## INSTRUCTIONS FOR THE TASK
In the entries below, begin at the line with "The Q2 dependence" and stop after the line with "4 – Utilizzare"; output those lines exactly and omit the pictures.

## INPUT RECORDS
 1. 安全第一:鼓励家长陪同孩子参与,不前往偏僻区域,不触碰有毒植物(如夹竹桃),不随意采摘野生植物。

* * *

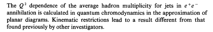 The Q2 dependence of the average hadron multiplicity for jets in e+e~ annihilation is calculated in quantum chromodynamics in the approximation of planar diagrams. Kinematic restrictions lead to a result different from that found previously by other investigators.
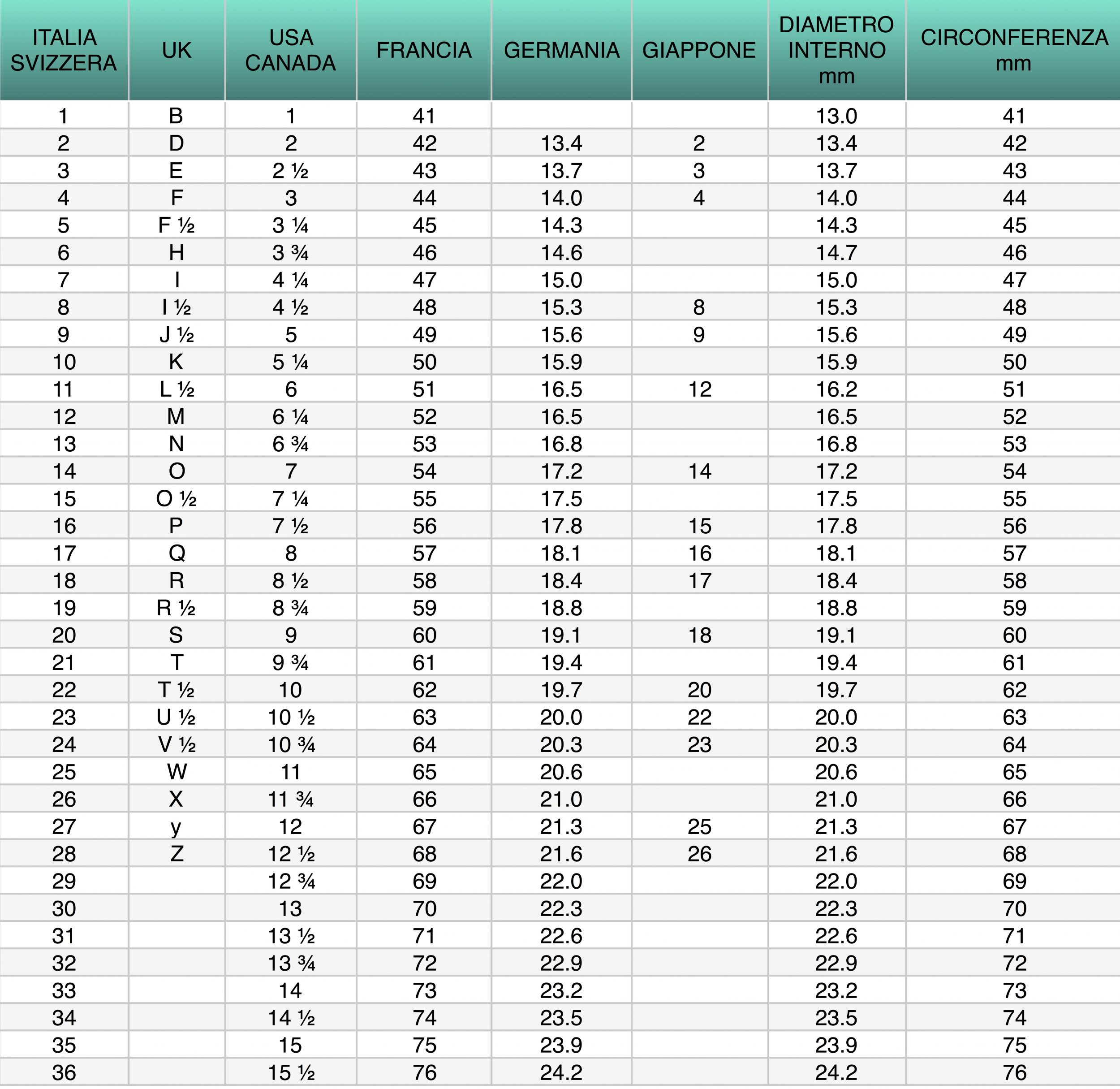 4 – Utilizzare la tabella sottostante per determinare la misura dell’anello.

## EXPECTED ANSWER
 The Q2 dependence of the average hadron multiplicity for jets in e+e~ annihilation is calculated in quantum chromodynamics in the approximation of planar diagrams. Kinematic restrictions lead to a result different from that found previously by other investigators.
 4 – Utilizzare la tabella sottostante per determinare la misura dell’anello.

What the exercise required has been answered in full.